The only thing that will encourage them to alter their behaviour is more customers doing the same thing and switching


----------



## mugsymugsy (31 Oct 2018)

Just rang up got the speil about how they are aligning prices to make it consistent across people so people don't pay or less....then when I said ok I'm cancelling she said well we can take a look at your account and see if we can offer something to you! I said no thanks due to the price increase I'm leaving. 

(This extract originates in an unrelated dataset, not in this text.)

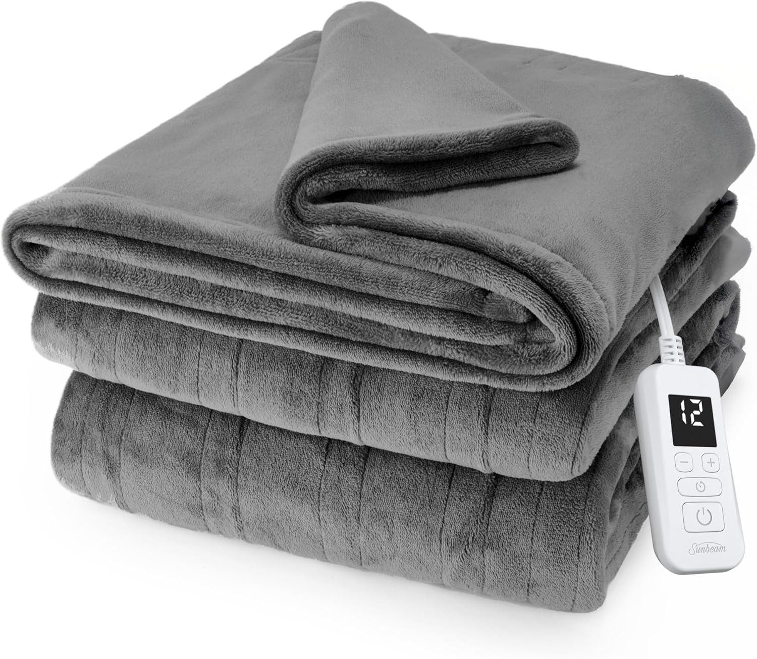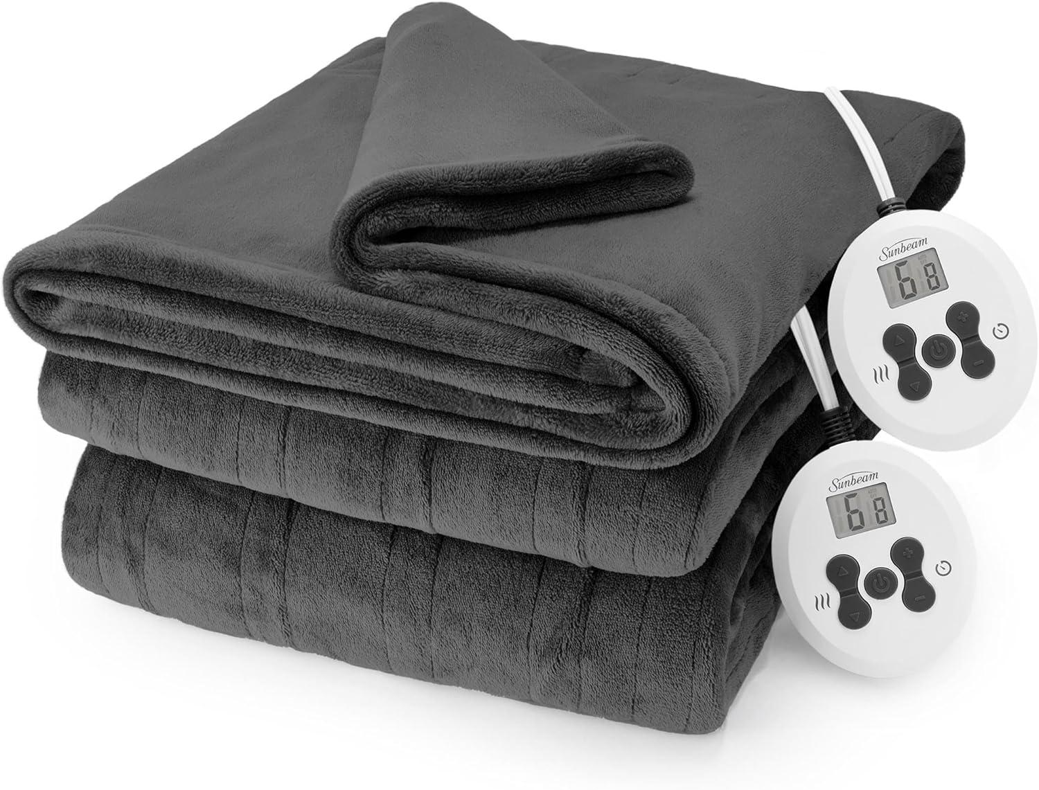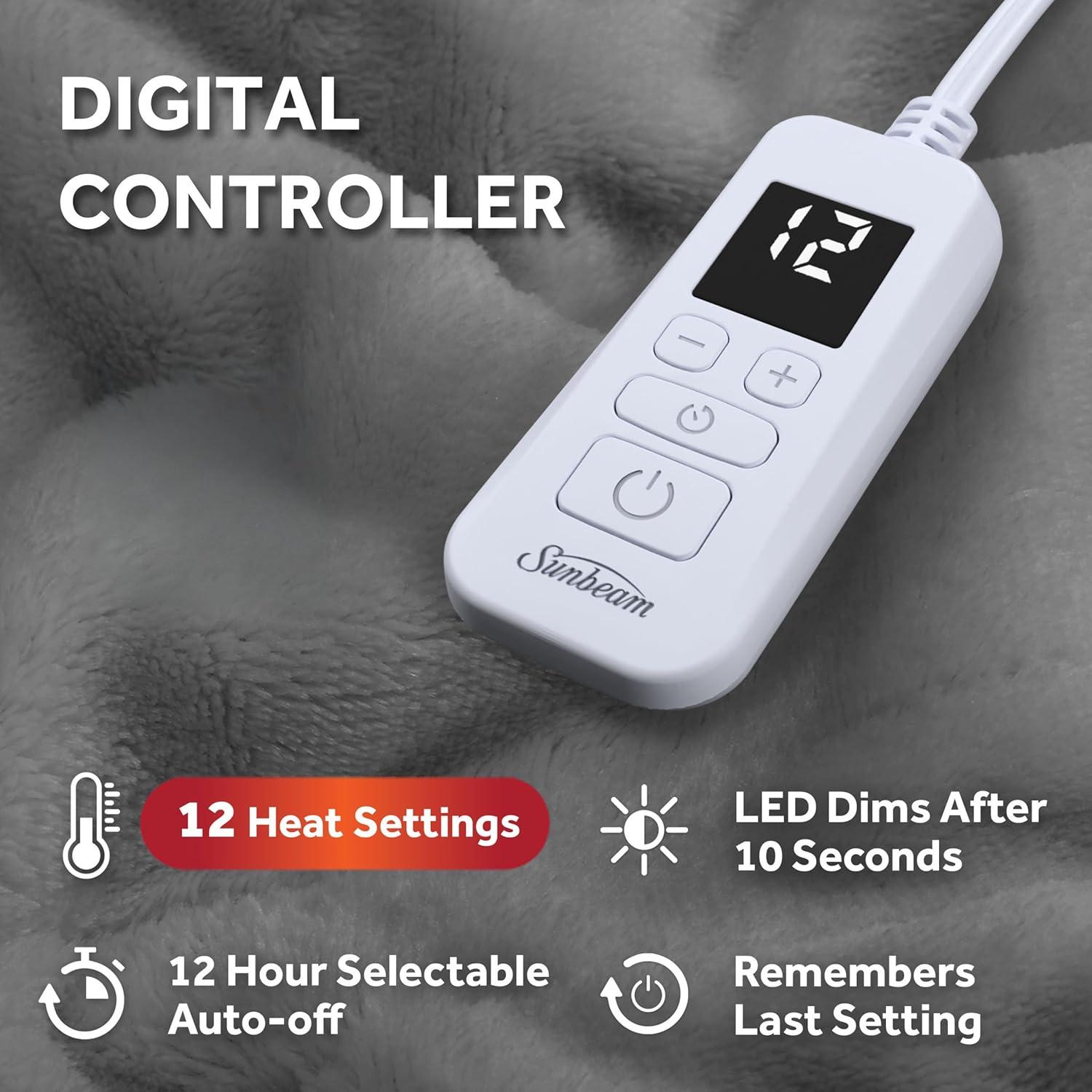 Sunbeam Royal Posh Velvet Heated Blanket snuggles you in cozy warmth on chilly nights. Experience the lush and silky royal posh velvet fabric to keep you warm and comfortable all night long. The Night Fog color enhances any bedroom decor, making this Full size (84” x 72″ ) electric blanket make a stylish and practical addition to your home. Features a user-friendly dial controller that offers 12 personalized heat settings, allowing you to find the perfect temperature for your warmth and comfort. Plus, a 1 to 12-hour selectable auto shut-off function for added peace of mind. The heated wires are made with premium components developed with a wire technology that senses and adjusts for continuous heat and safe operation. When ready to clean, simply detach the controller from the blanket and place into the washing machine and dryer for easy care, stays silky soft wash after wash. Sunbeam is an American brand with more than 125 years of history in electric home appliances. All Sunbeam electric bedding products are ETL certified.

It actually it suits my situation to exit contract so thanks Virgin media for the price increase and prompting me to get that sorted.


----------



## DeclanDublin (2 Nov 2018)

Just a further update on this.  I completed the switch to SKY BB today. I had already had SKY TV out to fit satellite dish and Q box with 500 GB of memory. Whole package (discounted for a yr, €50).  I had some concerns over speed and connecting via phone line as opposed to VM's  fibre cable, and also service levels, but it is up and running and working very well.  They told me speeds of around 85 MB's and I'm getting 95 with ethernet and 92 WI-FI.   Very happy with overall experience. There was a bit of a hiccup in a delayed engineer's visit which req.d a call to SKY (who, BTW are very, very busy) but the lad in SKY (in the UK I think) sorted it all out and pronto. Considering my VM package was around €62 for BB & home phone alone, the SKY offer was very good, and I can record programs, even if I've no chance of watching em!  Plus. AFAIK, the technology seems more advanced. I was using a very old router, now I have a very sleek and efficient new one that seems much better. So far, so good. Hats-off to SKY.


----------